Home >> ALL ISSUES >> 2020 Issues >> Closing the workflow loop: HistoQC for digital slides

Closing the workflow loop: HistoQC for digital slides

image_pdfCreate PDF

Valerie Neff Newitt

July 2020—Unveiled in 2018, HistoQC, an open-source quality control tool for digital pathology slides, was an “awakening to a problem” and the kickoff of a conversation, says Andrew Janowczyk, PhD, its main investigator. And while it’s hard to measure the tool’s use because it’s freely available, he says, reception has been strong. “It’s been a pretty good ride,” he says of its first two years.

Dr. Janowczyk, assistant research professor, Department of Biomedical Engineering, Case Western Reserve University, and colleagues designed HistoQC to make it easier and faster to identify and delineate artifacts and batch effects during routine slide preparation and digitization. “Manual review of glass slides and digital slides is laborious, qualitative, and subject to intra- and inter-reader variability,” they wrote, stressing the need for an automated way to spot slides that need to be remade and regions that should be avoided during computational analysis (Janowczyk A, et al. JCO Clin Cancer Inform. 2019;3. doi:10.1200/CCI.18.​00157).

Their solution, HistoQC, fills “an intuition gap” in artificial intelligence, Dr.
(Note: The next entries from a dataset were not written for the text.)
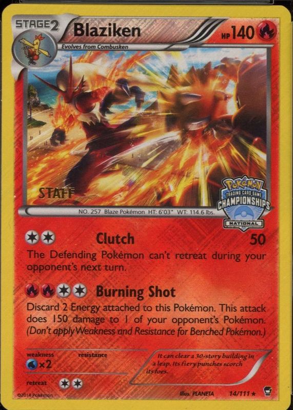 Blaziken 2014 XY: Furious Fists #014/111 Promo (National Championships - STAFF) RAW TCG (MODERATELY PLAYED) Price Guide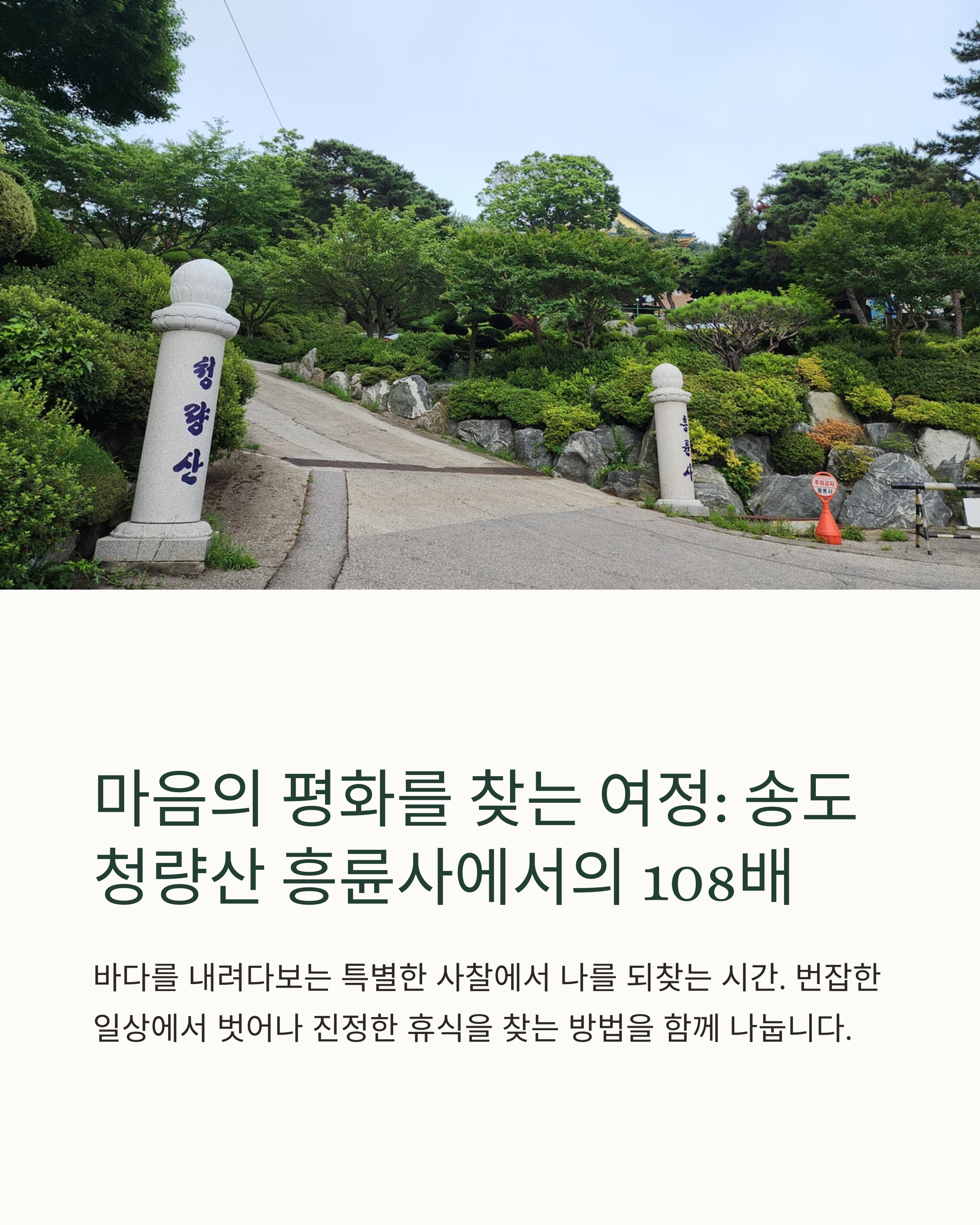 인천 송도의 청량산 흥륜사는 바다를 내려다볼 수 있는 특별한 사찰입니다. 이번 주말, 저는 마음을 비우고 몸도 가볍게 하고 싶어 이곳을 찾았습니다. 송도 바다와 인천대교가 한눈에 들어오는 풍경만으로도 이미 충분히 힐링이 되었는데, 저는 더 깊은 마음의 평화를 얻고자 108배를 결심했습니다.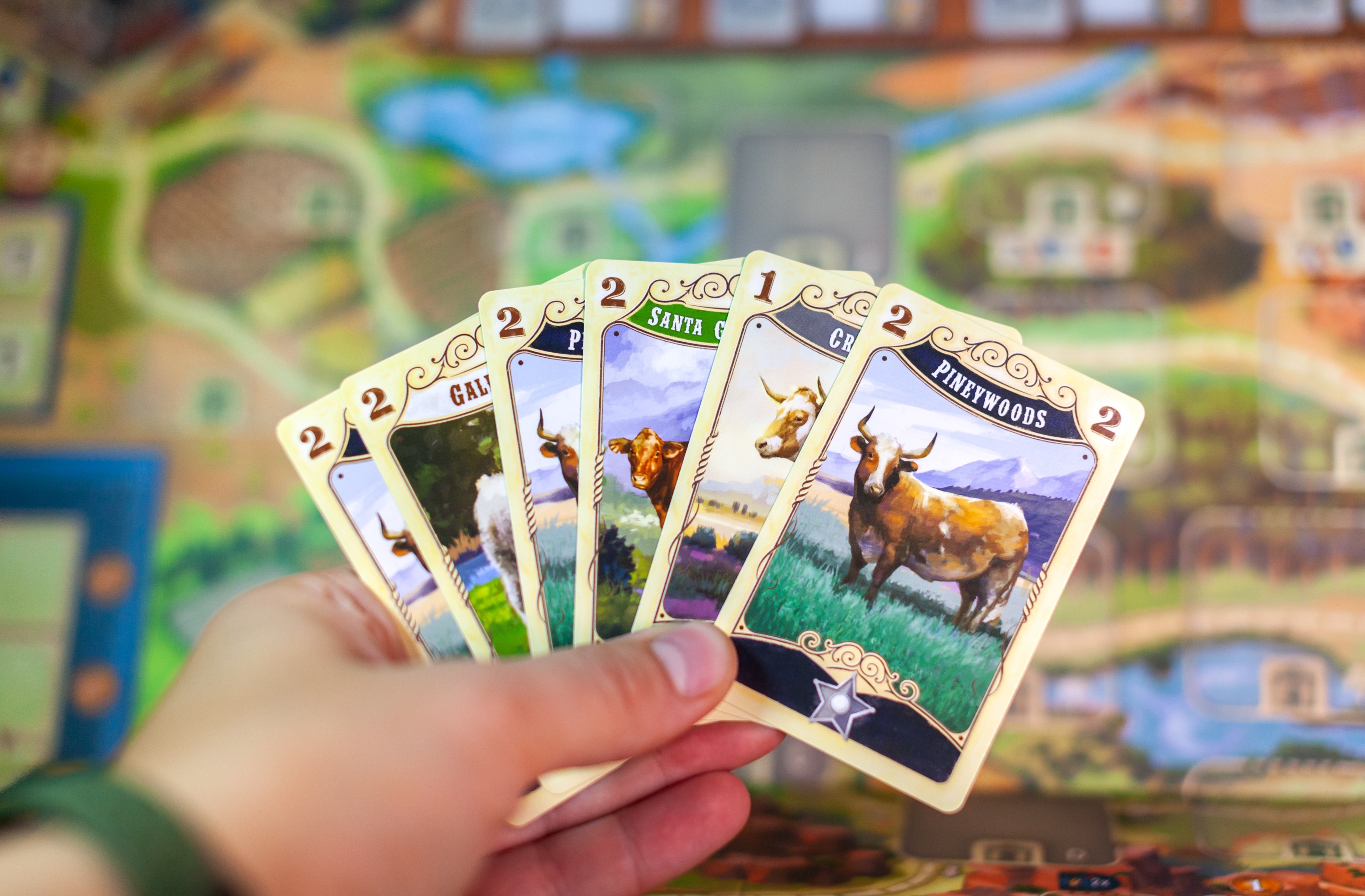Вы бегаете по дикому западу в направлении Канзас-Сити. Маршрут состоит из ряда базовых локаций по которым вы двигаетесь в рамках дальности своего хода. Каждая локация предлагает вам набор действий. Когда вы останавливаетесь и ставите туда своего мипла, то делете что нарисовано, если ресурсы позволяют. Ситуация зависит от карт скота на руке, исходя из чего вы и планируете свои действия. В конце приходите в Канзас-Сити, смотрите сколько у вас ценность разных видов коров на руках, получаете деньги и везете стадо в определенный город.

Janowczyk tells CAP TODAY.

Pathologists train themselves over years, he says, to read through slides of suboptimal quality, if necessary, “because they’re highly skilled, very well educated, and have learned to overcome these types of hurdles.”

Dr.Janowczyk

“Digital technologies like artificial intelligence and machine learning are unfortunately not currently that skilled. They’re not that robust in the presence of artifacts on slides,” he says. “So something needs to be in place that guarantees that whatever uses a slide next, be it human or machine, knows what it is getting and can feel confident that it is exactly what it thinks it is. In other words, we want to make sure that before a sophisticated, yet relatively ignorant, algorithm is used, there will be a step to make sure that the sample it is to be applied to is appropriate.”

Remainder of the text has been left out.